FILE PHOTO: Re-elected Czech President Milos Zeman attends the inauguration ceremony at Prague Castle in Prague, Czech Republic, March 8, 2018. REUTERS/David W Cerny
November 25, 2021
PRAGUE (Reuters) -Czech President Milos Zeman has been released from hospital after more than six weeks, the Central Military Hospital in Prague (UVN) said on Thursday.
Zeman, 77, was admitted to hospital on Oct. 10 with complications to a chronic illness that his office never specified but which doctors said was a liver condition.
He went into hospital a day after a parliamentary election in which Zeman’s allies, led by Prime Minster Andrej Babis, lost to a centre-right coalition and the president’s leverage over parliament was undermined.
Zeman was initially treated in an intensive care unit and doctors said the prognosis was uncertain. Parliament prepared to debate taking away his presidential duties but after several weeks Zeman’s condition improved.
He has said he will respect the election result and that he will appoint centre-right leader Peter Fiala as prime minister on Friday, with the appointment of the cabinet to follow later.
The hospital said the president had decided to continue treatment at the presidential retreat at Lany, west of Prague, despite suggestions from the hospital that he should stay.
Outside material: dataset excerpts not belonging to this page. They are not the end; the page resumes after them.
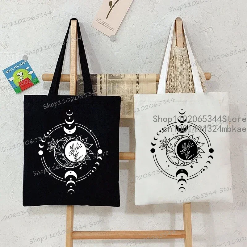 Vintage Moon and Sun Print Women Shoulder Bag Funny Fashion Sun Moon Flower Butterfly Pattern Shopping Bag Ladies Canvas Handbag
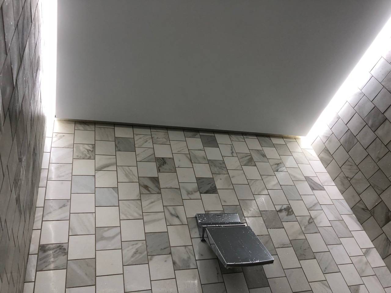 Более того натяжной потолок останавливает жидкость при затоплении сверху. Перед тем как лопнуть, один квадратный метр пленки выдерживает до 100 л воды. При помощи прокола жидкость аккуратно сливается в канализацию, что предотвращает затопление собственной ванны и соседей снизу
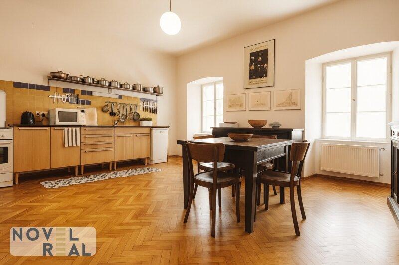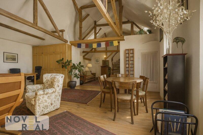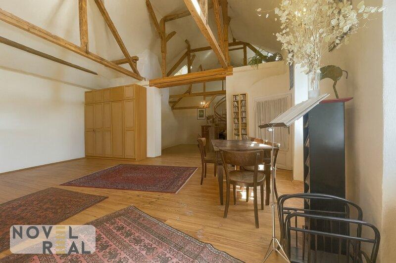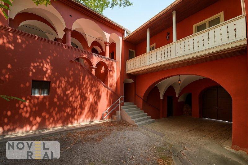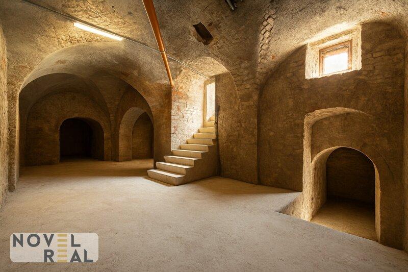 Auf dem Anwesen steht ein großzügiges Wohnhaus mit vier Einheiten, die sich je nach Bedarf zusammenlegen oder separat nutzen lassen. Ob als stilvolles Zuhause für mehrere Generationen, als repräsentativer Wohnsitz oder als charmante Gästeunterkunft die Optionen sind vielfältig. Ergänzt wird das Ensemble durch ein ehemaliges Lokal mit eigenem Zugang und einer Dachterrasse, das sich hervorragend für eine kreative Umgestaltung eignet. Der Dachboden, bislang kaum erschlossen, bietet zusätzliches Potenzial für großzügige Wohnideen im Einklang mit den Vorgaben des Denkmalschutzes. Die alten Gewölbekeller, einst für die Lagerung edler Weine genutzt, sind in bemerkenswert gutem Zustand und schaffen ein stimmungsvolles Ambiente für private Anlässe, kulturelle Veranstaltungen oder exklusive Verkostungen.

The hospital said Zeman, his family and closest colleagues had been informed about potential risks and complications and that it had recommended he be treated in a specialised medical facility.
But it said there had been a “significant improvement” in Zeman’s condition and that it respected his decision to “give preference to performing his constitutional duties.”
Before his hospital stay, Zeman had tried to improve relations with Russia and China, but relations soured with Moscow in a spy row and with Beijing over failed investment plans.
The incoming government intends to reinforce the country’s Western orientation and strengthen relations with democracies including Taiwan, which China claims as its territory.
Zeman has 15 months remaining in his second and final five-year term.